Look through the data below and output, unchanged, every line from the one holding "Flipchart Foldable mit" through the one holding "Abito Milka pagliaccetto", inclusive. Skip the pictures.

PROVIDED RECORDS:
----------

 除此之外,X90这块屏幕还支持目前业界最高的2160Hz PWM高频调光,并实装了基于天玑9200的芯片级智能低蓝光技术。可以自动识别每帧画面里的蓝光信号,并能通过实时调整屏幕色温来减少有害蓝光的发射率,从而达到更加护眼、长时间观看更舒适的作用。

----------

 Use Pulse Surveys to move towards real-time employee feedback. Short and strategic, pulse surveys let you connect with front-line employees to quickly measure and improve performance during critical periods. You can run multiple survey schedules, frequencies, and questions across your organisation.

----------

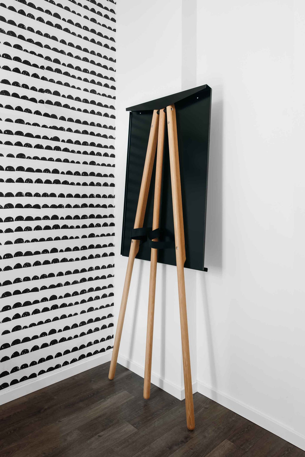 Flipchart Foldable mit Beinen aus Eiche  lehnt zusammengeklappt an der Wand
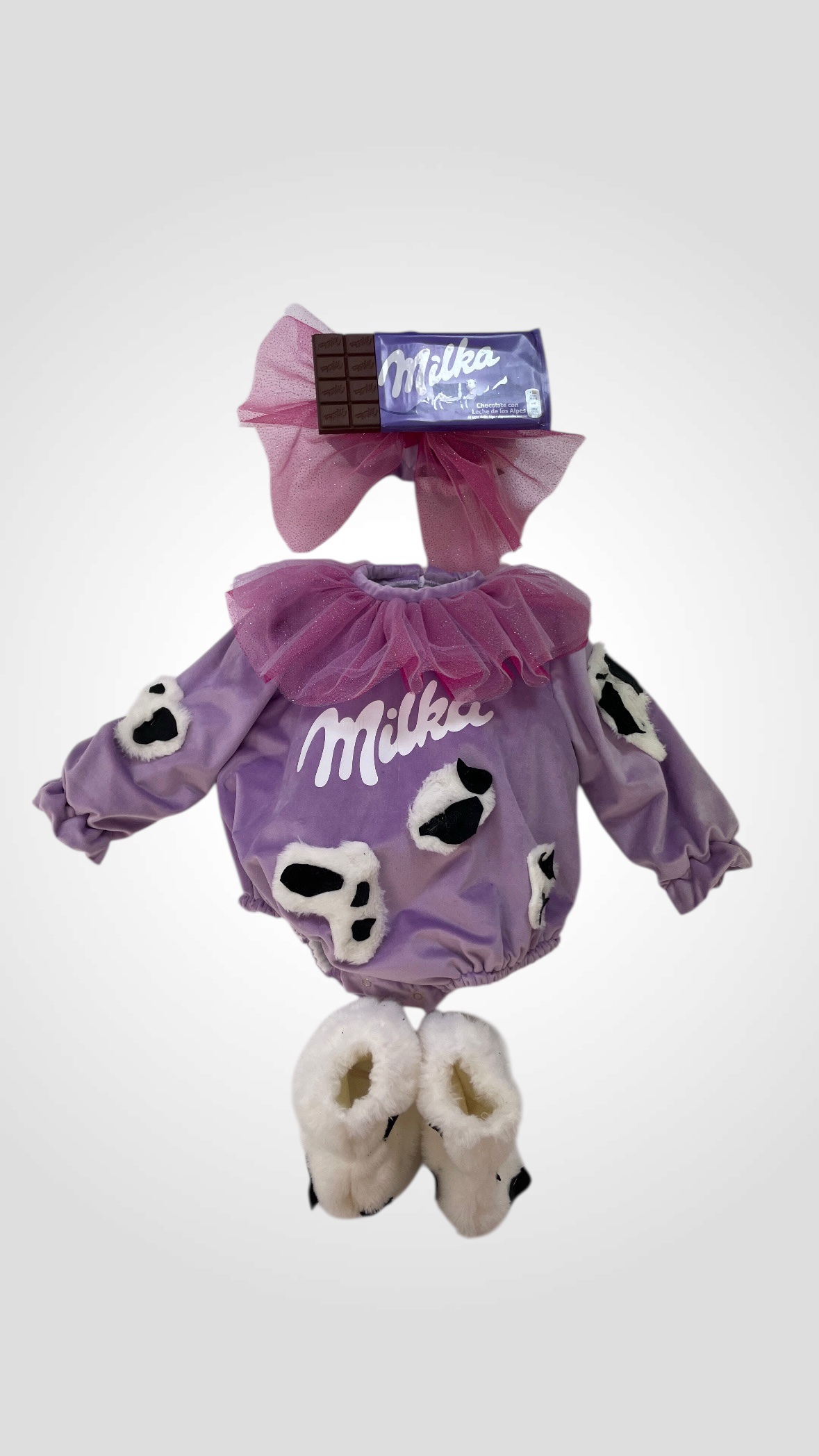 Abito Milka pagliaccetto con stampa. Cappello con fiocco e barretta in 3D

----------

SOLVED PROBLEM:
 Flipchart Foldable mit Beinen aus Eiche  lehnt zusammengeklappt an der Wand
 Abito Milka pagliaccetto con stampa. Cappello con fiocco e barretta in 3D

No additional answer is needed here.